▸ WORK TO COMPLETE
Could you retype exactly the line containing "Vandaag eindelijk weer" and every line after it in the data below, leaving out the pictures?

▸ RAW DATA
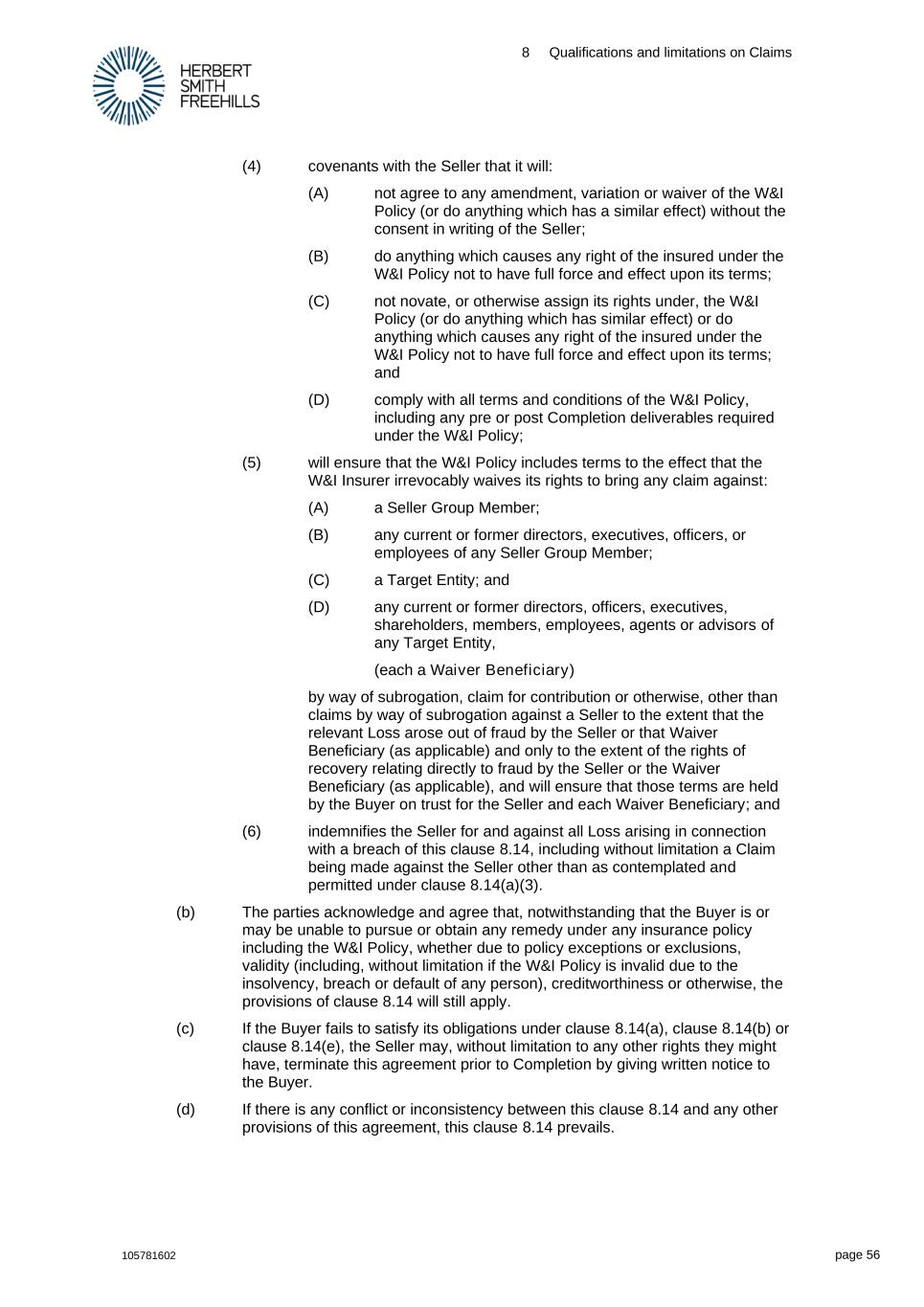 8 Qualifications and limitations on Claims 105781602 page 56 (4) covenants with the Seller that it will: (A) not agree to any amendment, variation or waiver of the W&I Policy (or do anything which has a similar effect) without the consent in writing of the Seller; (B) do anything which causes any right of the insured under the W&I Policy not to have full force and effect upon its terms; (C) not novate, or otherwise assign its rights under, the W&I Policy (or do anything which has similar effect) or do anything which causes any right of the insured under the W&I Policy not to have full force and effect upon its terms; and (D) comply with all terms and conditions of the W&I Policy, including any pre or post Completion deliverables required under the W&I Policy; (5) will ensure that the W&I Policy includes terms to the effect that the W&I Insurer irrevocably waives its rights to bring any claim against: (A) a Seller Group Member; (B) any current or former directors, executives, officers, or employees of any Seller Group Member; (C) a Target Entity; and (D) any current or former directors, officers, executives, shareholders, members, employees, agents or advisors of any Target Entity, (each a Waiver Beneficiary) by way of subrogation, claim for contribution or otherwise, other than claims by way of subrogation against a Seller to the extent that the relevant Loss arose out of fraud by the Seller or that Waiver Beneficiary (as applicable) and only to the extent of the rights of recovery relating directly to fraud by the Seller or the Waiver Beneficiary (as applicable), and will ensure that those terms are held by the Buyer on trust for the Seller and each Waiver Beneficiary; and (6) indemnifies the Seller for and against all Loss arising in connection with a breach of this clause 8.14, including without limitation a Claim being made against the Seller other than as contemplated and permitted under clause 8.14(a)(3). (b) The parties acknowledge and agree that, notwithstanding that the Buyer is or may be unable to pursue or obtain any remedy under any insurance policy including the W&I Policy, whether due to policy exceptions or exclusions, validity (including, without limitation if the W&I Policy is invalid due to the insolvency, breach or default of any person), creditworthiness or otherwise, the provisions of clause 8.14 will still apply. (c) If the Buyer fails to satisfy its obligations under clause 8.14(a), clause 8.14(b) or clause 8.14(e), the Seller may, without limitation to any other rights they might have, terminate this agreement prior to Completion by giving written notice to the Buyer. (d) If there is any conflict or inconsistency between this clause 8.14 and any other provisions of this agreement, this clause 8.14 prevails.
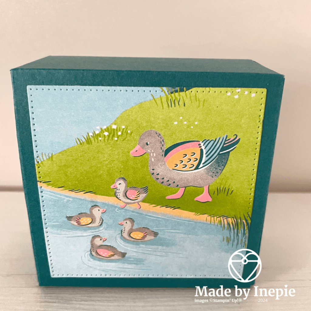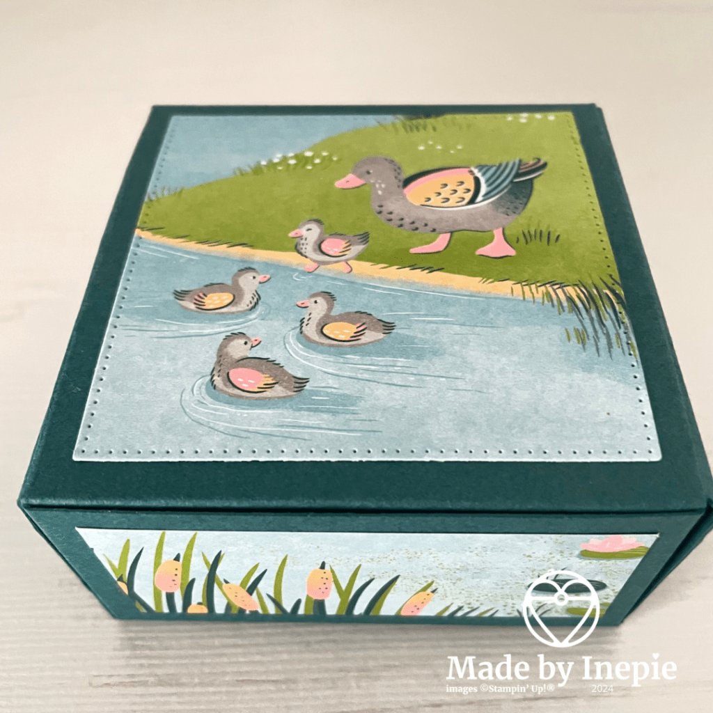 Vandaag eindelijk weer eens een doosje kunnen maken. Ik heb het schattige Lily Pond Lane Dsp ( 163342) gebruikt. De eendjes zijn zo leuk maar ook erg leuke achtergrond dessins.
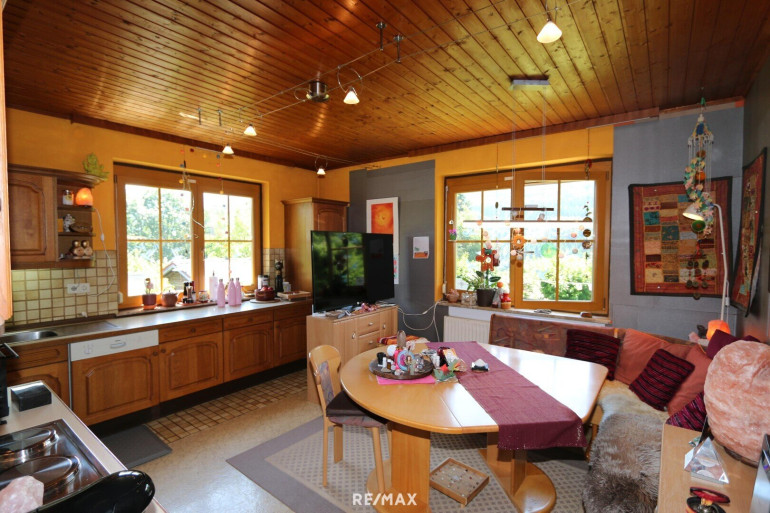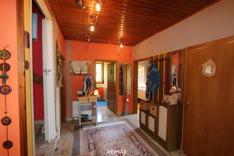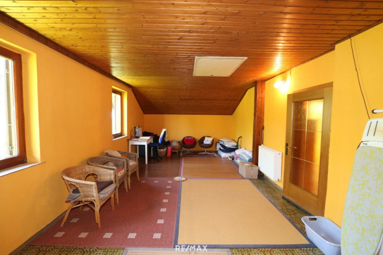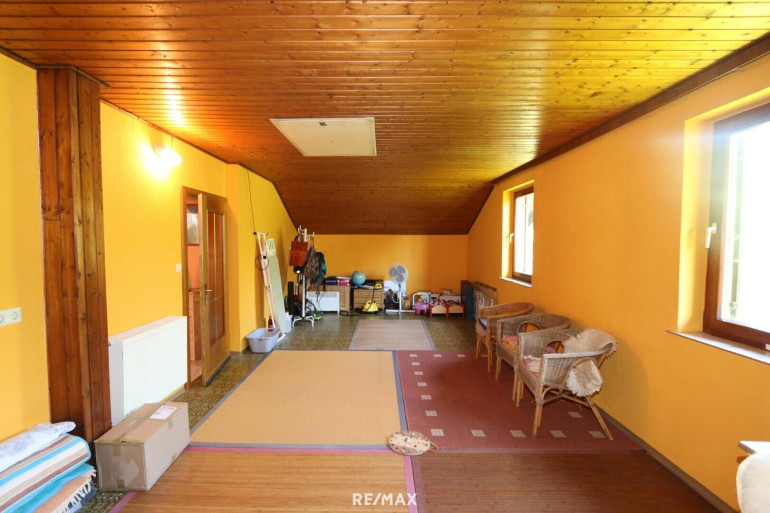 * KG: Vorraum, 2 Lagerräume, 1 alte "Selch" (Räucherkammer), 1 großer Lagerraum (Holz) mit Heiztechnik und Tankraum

▸ ANSWER BELOW
 Vandaag eindelijk weer eens een doosje kunnen maken. Ik heb het schattige Lily Pond Lane Dsp ( 163342) gebruikt. De eendjes zijn zo leuk maar ook erg leuke achtergrond dessins.
 * KG: Vorraum, 2 Lagerräume, 1 alte "Selch" (Räucherkammer), 1 großer Lagerraum (Holz) mit Heiztechnik und Tankraum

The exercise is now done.